Despite the approval, the deal has come under fire for proposing cuts some view as too drastic and others view as not aggressive enough, a signal of the tightrope publishers of local news have been forced to walk as the industry continues to decline.

Journalism experts and the country’s leading newspaper union have warned the deal will enrich GateHouse’s private equity backers while further eroding the number of reporters, editors and photographers covering local communities.

Last week, the NewsGuild-CWA, which represents more than 20,000 journalists, issued an analysis of the deal that warned the merger “will hurt the communities these media organizations serve.”

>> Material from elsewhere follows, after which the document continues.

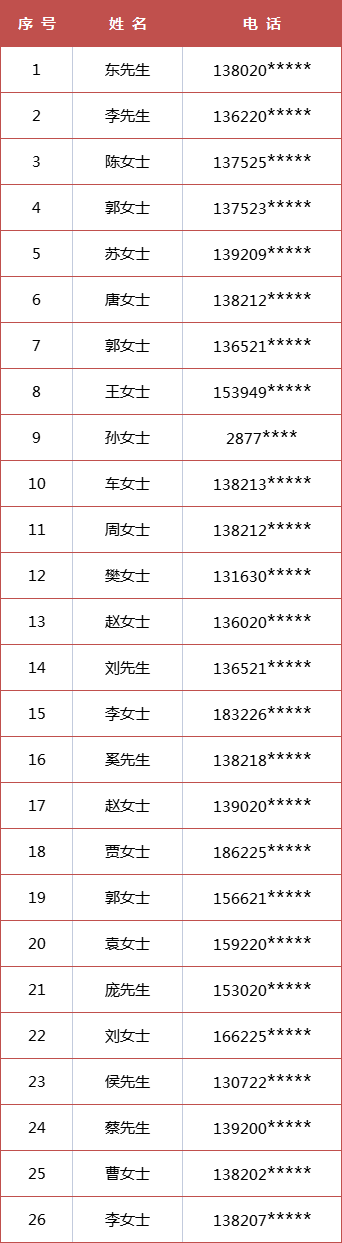 幸运参与者名单

But some of GateHouse’s top shareholders have criticized the deal for their own reasons, and the stock price of New Media fell 29 percent during the past week, to an all-time low of $6.68 when markets closed Wednesday. As a result, the deal, originally valued at $1.4 billion, is now under $1.2 billion.

America’s two largest newspaper chains are joining forces. Will it save either?

“Neither company has digital chops that have you jumping out of your seat,” said media analyst Doug Arthur of Huber Research.

“At the end of the day there’s got to be some revenue magic somewhere,” he said.

The new company has a nine-member board that includes no journalists.

Joining Reed, who is chairman, are former gambling executive Kevin Sheehan, marketing executive Mayur Gupta, finance executive Theodore Janulis, Gannett Chairman John Jeffry Louis, marketing executive Maria Miller, marketing consultant Debra Sandler, former footwear executive Laurence Tarica and Barbara Wall, chief legal officer at Gannett. Six members are from New Media and three are from Gannett.

Two journalists who before the deal served on the Gannett board will not be on the new board: Stephen W. Coll, dean of the Columbia University graduate school of journalism, and Larry Kramer, former president of USA Today.

As Gannett merger nears completion, union claims ‘journalism will suffer’ under deal

Media executive Paul Bascobert has been named chief executive of the newly formed Gannett. Reed will remain chief executive of New Media.

Founded in 1906, Gannett became one of the Washington area’s biggest corporate names in the heyday of the newspaper industry, introducing the country to a national newspaper in USA Today and erecting a glistening tower overlooking the Capital Beltway in Tysons Corner.

As the print media industry began to suffer financially in the past two decades, Gannett enacted numerous cost-saving measures, before spinning off its broadcast and marketing units into a separate company. Gannett was last on the Fortune 500 list in 2014, and in the past two years, the number of employees at the company has fallen by one-fifth.

Ever since Gannett spun off from Tegna, its broadcasting arm, four years ago, it has been looking to grow through mergers or acquisitions, with little to show for it.

The deal is expected to finally close Nov. 19, according to New Media.